The last category of content is skills. Skills are made up of the practices of which an individual is capable. Gardner argues that when a practitioner fundamentally changes their approach to a task, this represents a significant change in mind.

He further points out that while all minds share similar types of content, this content can differ significantly in form. Drawing on the theory of multiple intelligences, these forms are described as either object-based or symbol based, with a key takeaway being that people differ in their ability and willingness to absorb content based on its form of presentation.

Mind changing is most effective when resistances are low, and the other six levers, each beginning with re-, work in concert. They are: reason, research, resonance, representational redescriptions, real world events, resources & rewards.

Research provides the "proof" that the current concepts, stories or theories are outdated and need to be replaced, while reason presents this information via logical arguments. Along with real world events, these levers affect the "potency" of a leader's message. But its not just the potency that counts -- its also how well that message is absorbed by its audience.

Resonance describes the persuasiveness of the new story, theory or concept. Ideas which resonate “feel right” to the recipient. Finding and applying the resonance can be challenging, however, as it involves not only the content of the message, but also its timing, and how well it harmonizes with the existing perspective of the audience and the persona of the messenger. On this last point Gardner contrasts Bill Clinton's talent for getting in tune with his audience to neutralize opposition, while Newt Gingrich seemed to consistently stimulate it.

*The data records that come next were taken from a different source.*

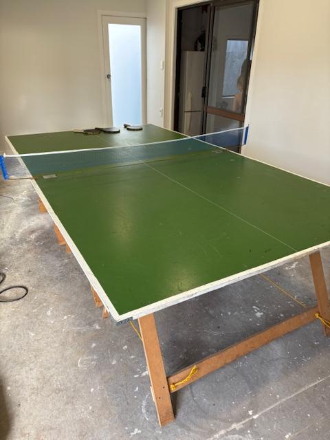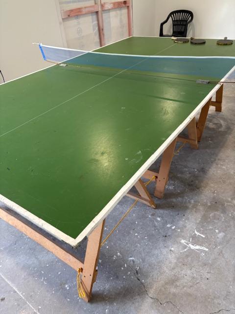 A full sized table tennis table plus net made bade by hobbyist. The table is supported by trestles and a fixed net. It is easy to be stored as the table has hinges and can be folded; the trestles van likewise be folded. Well used by a family for 15 plus years but remains in first class order.
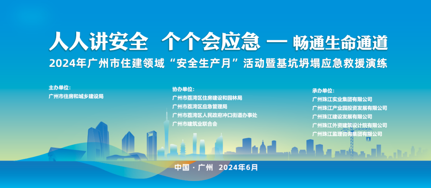 2024年6月是全國第23個“安全生產月”,為深入學習貫徹習近平總書記關于安全生產的重要論述和重要指示批示精神,6月27日由廣州市住房和城鄉建設局主辦,廣州市荔灣區住房建設和林園局、廣州市荔灣區應急管理局、廣州市荔灣區人民政府沖口街道辦事處、廣州市建筑業聯合會協辦,廣州珠江建設發展有限公司承辦的廣州市住建領域“安全生產月”活動暨基坑坍塌應急救援演練活動,在廣州市荔灣區聚龍灣項目成功舉辦。廣州市各地市相關部門、行業協會、施工企業有關負責人等300余人參加觀摩活動。
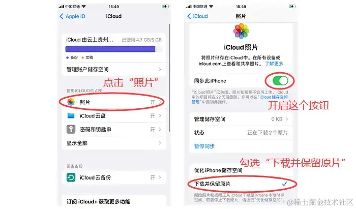 Step 2:接着选择**【照片】,开启【同步此iPhone】**按钮。
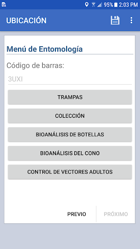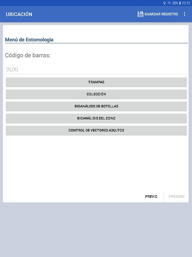 • Módulos de entrada de datos para: 1) captura, 2) encuestas de hogares, 3) bioensayos de botella / tubo, 4) bioensayos de cono y 5) actividades de control de vectores
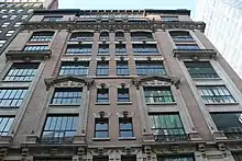 The fourth through eighth stories are clad with pink brick and have terracotta and stone ornamentation.[19] On the 40th Street elevation, most windows are full-height; the center bay has two narrow windows, while the remaining bays have a large studio window. All bays, except the center one, have a balcony at the fourth story. The outermost bays are flanked by continuous brick piers from the fourth to eighth stories, with a volute above the sixth story and a balcony at the seventh.[16] The three middle bays are arranged differently. At the fourth and fifth stories, the center bay's windows are topped by volutes, and the second-outermost bays have double-height stone frames topped by pediments. At the sixth through eighth stories, the three middle bays have full-height recessed windows, each with volutes and splayed lintels above them. A window sill connects the three middle bays at the sixth story.[22] On the eighth story, all openings contain segmental arches.[21]
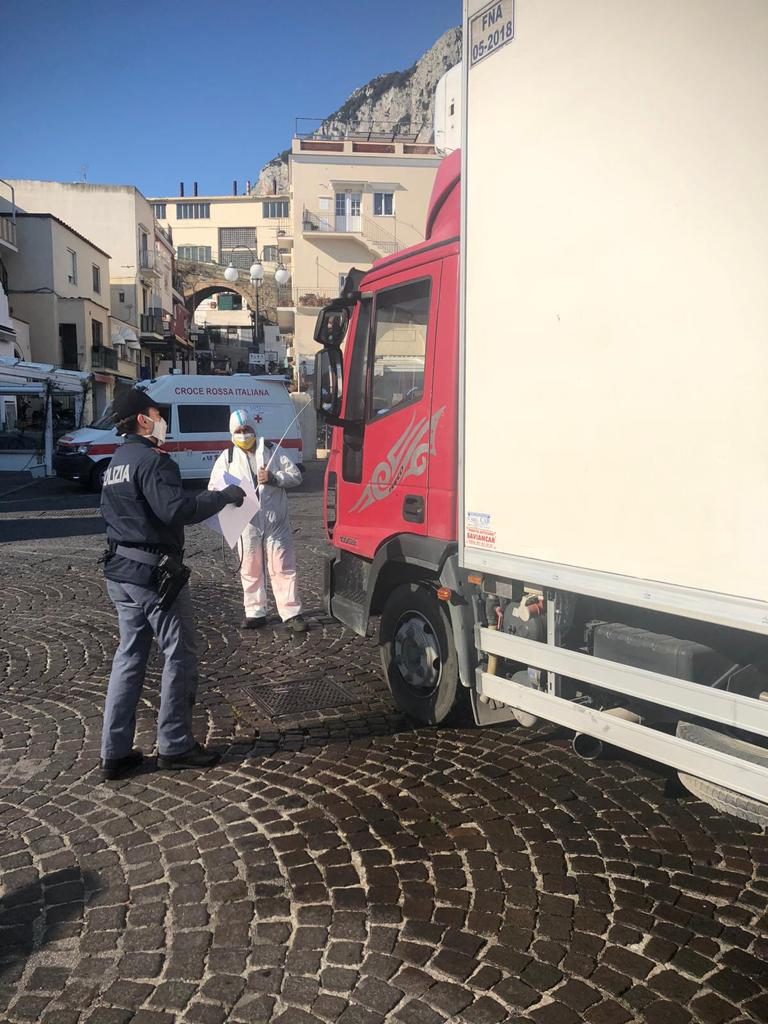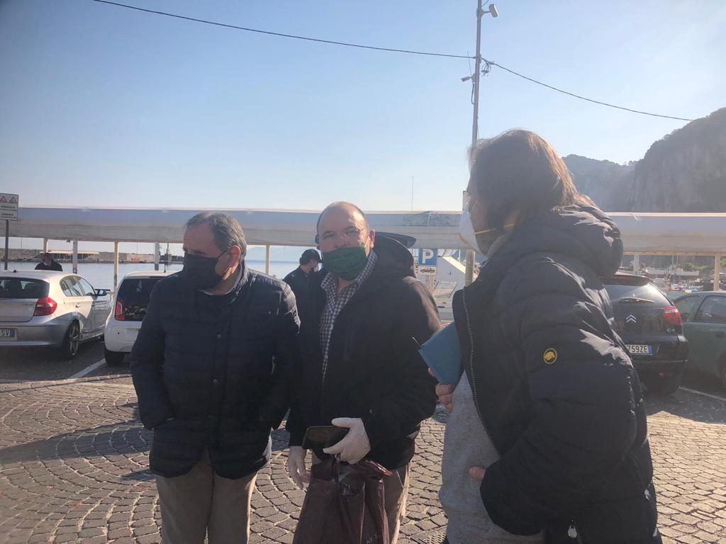 CAPRI – E’ stato il sindaco di Capri Marino Lembo in persona a recarsi stamattina al porto di Marina Grande allo sbarco della nave Caremar partita alle 7.15 da Calata di Massa e in arrivo intorno alle ore 9 a coordinare i controlli insieme al responsabile della protezione civile del comune di Capri, al presidente della Capri Servizi unitamente alle forze dell’ordine, per verificare il corretto possesso delle certificazioni necessarie in ottemperanza alle ordinanze che regolamentano gli sbarchi in questo periodo di emergenza covid. A tutti è stato reso noto che da domani senza avere indosso tute e abbigliamento di protezione idoneo non sarà più consentito lo sbarco.
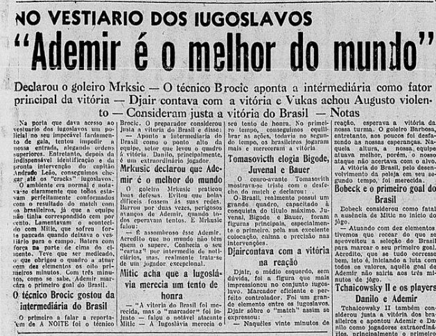 Voltando à Seleção Brasileira... Ademir brilhou no jogo contra a Iugoslávia na Copa do Mundo de 1950. Os iugoslavos ficaram impressionados...

And while a leader may be working with a single message, that message best resonates when it is offered and considered in many different forms through a variety of representational redescriptions. At times these redescriptions are provided by the leader, but in other cases a leader can provide resources to their audience, along with rewards and incentives for the group to develop and "try out" the idea on their own.

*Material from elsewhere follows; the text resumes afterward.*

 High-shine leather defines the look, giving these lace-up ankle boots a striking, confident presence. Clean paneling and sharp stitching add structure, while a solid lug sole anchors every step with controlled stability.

These levers work positively to bring about a change, but they must overcome resistances. These resistances are characterized as the "counter-story;” existing representations which a leader hopes to convince their audience to supplant. Resistances must be met with resonating integrity, in an ethical approach. “One can – and must – go through an exercise of deep and pervasive mental surgery with respect to every entrenched view: define it, understand the reasons for its provenance, point out its weaknesses, and then develop multiple ways of undermining that view and bolstering a more constructive one. In other words, search for the resonance, and stamp out the resistance.” [p.145]

Affecting an organization requires reason, and resonance – but having the right story is only the starting point. Meaningful change takes time. “New ideas do not travel easily, and it is hard for them to take hold. Because we cannot know in advance which formats will prove effective in communicating a new message, we are well advised to use several alternative formats…We need to monitor the words and actions of a leader’s constituents to glean how ideas have been translated and internalized…until we ‘get it right’--or at least until the next change in context challenges current representations and calls for yet another take on the situation at hand.” [p.102]

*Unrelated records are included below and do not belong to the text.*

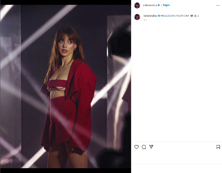 In un post pubblicato sul suo account Instagram ufficiale, la cantante Annalisa si è mostrata in tutta la sua bellezza indossato una minigonna rossa e una giacca dello stesso colore, con soltanto una fascia a coprire la parte davanti. La cantante, che ha appena 37 anni, è in forma mozzafiato. Lo scatto ha ricevuto tantissimi like.
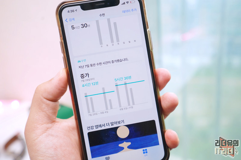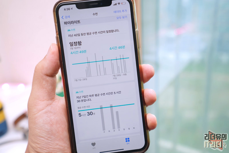 수면 추적은 아이폰 건강앱에서 관리가 됩니다. 정교한 데이터로 건강한 수면을 할 수 있도록 유도하고 있으니 더욱 만족스러운 애플 워치를 만나게 될 것입니다.
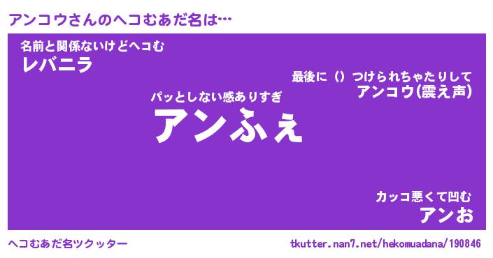 | ファンタジー風あだ名 | 『アンフェル』『エターナルアンコウー』 |
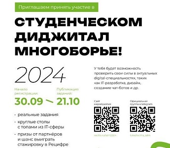 С 21 октября 2024г. по 11 ноября 2024г. для студентов ВУЗов и СУЗов (как очной, так и заочной формы обучения) Югры пройдет Ⅱ Студенческое Диджитал Многоборье (далее - Многоборье).
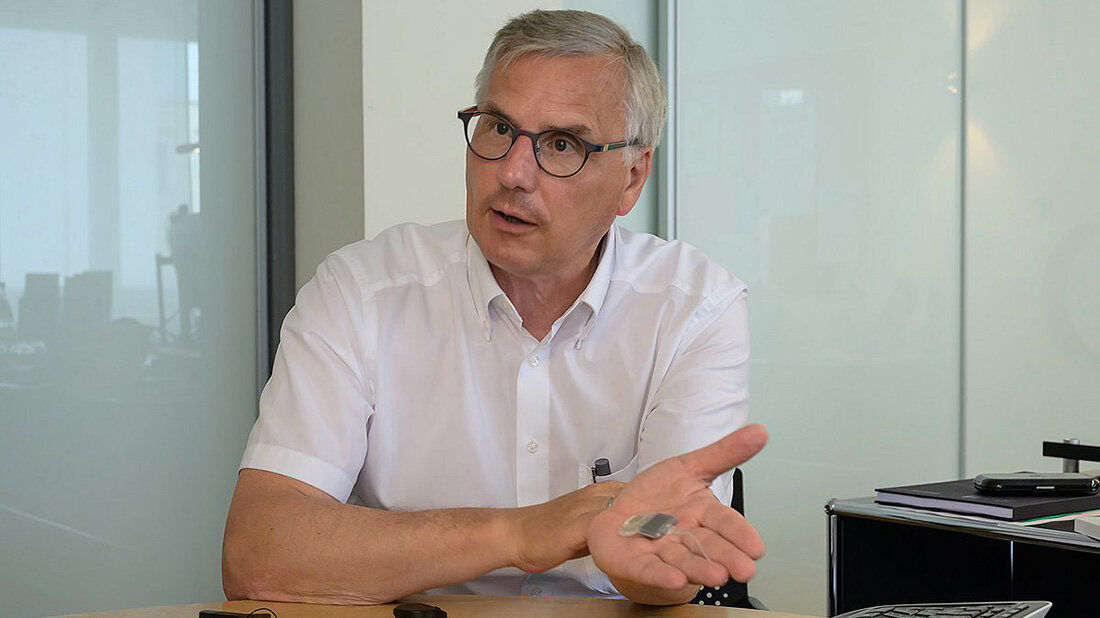„Bei der Cochlea-Implantation wird hinter dem Ohr ein kleiner Hautschnitt gesetzt, über den ein Zugang zur Cochlea geschaffen wird. Die feinen Elektroden werden vorsichtig in die Hörschnecke eingeführt, das Implantat wird unter der Haut fixiert“, erklärt Prof. Ulrich Hoppe, Leiter der Audiologie und des Cochlear-Implant-Centrums CICERO. Der Sprachprozessor, der die Umgebungsgeräusche aufnimmt und in elektrische Impulse umwandelt, wird außen an der Kopfhaut befestigt. Dieser wird jedoch erst nach einer dreiwöchigen Heilungsphase angebracht.
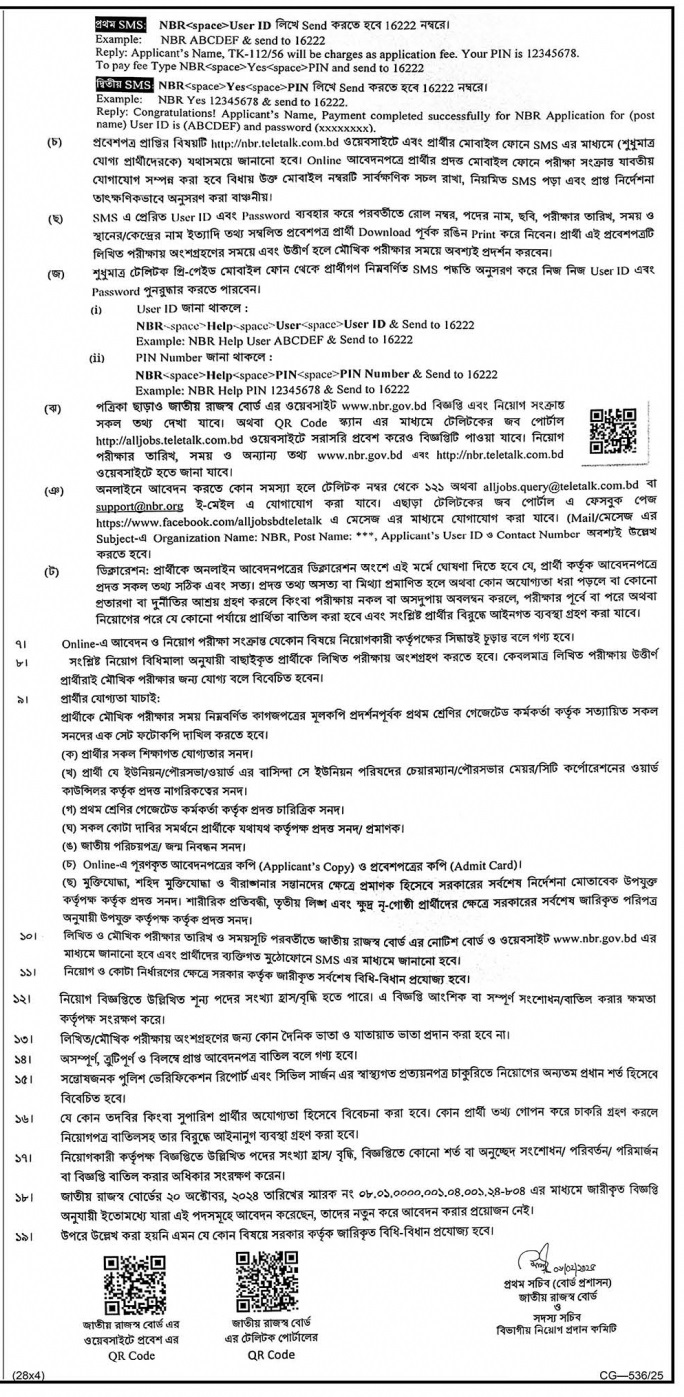 National Board of Revenue Job Circular 2025 offers people exciting career opportunities in the government sector. National Board of Revenue think that young and energetic people are the key to success in this sector that creates brightness in our country. Otherwise, the National Board of Revenue helps us to social economics. Otherwise, you can visit the official website of the National Board of Revenue which is www.nbr.gov.bd. It’s a mental subject and invisible. If you want to apply for this job, you should take preparation within short time. National Board of Revenue Job Circular 2025 original job circular converted to an image file,so that everyone can read easily or download this job circular. National Board of Revenue Job Circular 2025 has been given below.

In conclusion, it may seem discouragingly difficult to effect change. But rather than seeking for the perfect message, or the perfect presentation, it may be better to for a leader to engage an audience--resistances and all--early and often, and find many ways to bring those ideas forward. It may also help to give an audience the tools needed to rework that message into a variety of forms and find the ones that fit. The more active a leader is on this front, the more likely that they'll be ready to capitalize on real world events as they unfold.